Flu shot covered by insurance? This is a waste of our time. My chain should employ high school students to remotely do this, not a tech at 15 dollars an hour or a pharmacist at 60 dollars an hour.
Zostavax covered by insurance? Again,
vaccine billing is a waste of our time. Let's be clear. If
vaccine billing can be done remotely, outsourced to another group of people, chain should invest into outsourcing the lengthy task of
vaccine billing to other workers.
Money Secret:
Any one with talent to open a company?
This is your key to money:
Contract with chain and other pharmacies to
try to bill vaccine remotely (be sure to protect privacy and follow HIPPA rules.)
The key to secure the contract? Vaccine billing cost time. When you add up the minutes you spend on thousands and thousands of patient, total time will be in hundreds of hour a flu season of 6 months.
Which way would smart investor invest? Pay for 100 hours to someone sitting at computer at minimum wage (or lower wage at other country) or pay USA tech at 15 dollars and USA pharmacist at 60 dollars per hour
Seriously, chain now wants the
pharmacist to
TRY TO BILL VACCINE, just to see if this patient even has coverage by insurance !!! Executives forgot a very important key: Pharmacist costs 60 dollars every hour. That means 60 dollars every 60 minutes. That simply means: 1 minute is 1 dollar. Trying to bill vaccine will cost about 1 to 3 minutes. We waste 3 minutes of the pharmacist, we waste 3 dollars. And then, the patient does not even want to get vaccine. What does it mean? Anyone? Simple, for sure, we wasted 3 dollars already. Multiply that by at least 1000 a season. We waste at least 3000 dollars. Multiply by 10000 pharmacists, we waste 3 million dollars. How much profit do we get from vaccine? We must outsource to third world country and pay 1000 dollars for any contractor that can take the contract.

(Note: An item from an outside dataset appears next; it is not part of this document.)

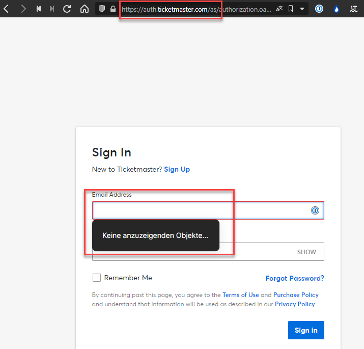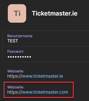 But I had to add the websitehttps://www.ticketmaster.cominto the entry and had to autofill with the help of the extension.First try without the added URL: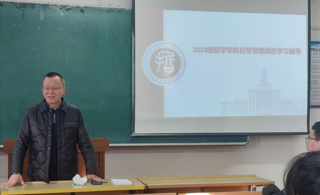 2023级开展了日常管理规定的学习辅导,对下一步学习工作进行了动员部署,会议由辅导员孙庆斌老师主持并进行了学习辅导,2023级全体同学参加了此次会议。

I am sure some smart person with connections to third world country will jump into this niche and secure a new market segment by escalating this investment chance to tier 1 conversation at stock holder and board meetings to shake up the chains that employ over 20 thousand stores, 60 thousand pharmacists. Every season, the chains are losing money, millions and millions of dollars to wasted time, LOST OPPORTUNITY and LOST PROFITS because we, soldiers at the front line, simply have no time to try to bill insurance
just to see if patient has coverage for flu vaccine. Prove to me that you are smarter than your look. Bring this to the table and give me your Action Plan in 2 hours.

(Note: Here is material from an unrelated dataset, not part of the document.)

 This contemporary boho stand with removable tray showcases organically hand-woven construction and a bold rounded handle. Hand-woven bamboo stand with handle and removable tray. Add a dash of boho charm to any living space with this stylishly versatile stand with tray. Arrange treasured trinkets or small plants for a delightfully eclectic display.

Sorry for the rant. I prefer to help sick patient directly at the store.
So,
If you did not sleep well last night,
and
If your boss yelled at you, threatening to write you up,
and
If patient yelled at you for not having medication on time (and they don't care about the reason you explained),
and
If you have painful feet because you have been on your feet over 8 hours a day for 5 days with stiff NEW shoes,
and
If your bladder is painful because you held for 4 hours so far....
Then, be sure you always check 7 items and help the patient have the medication safely.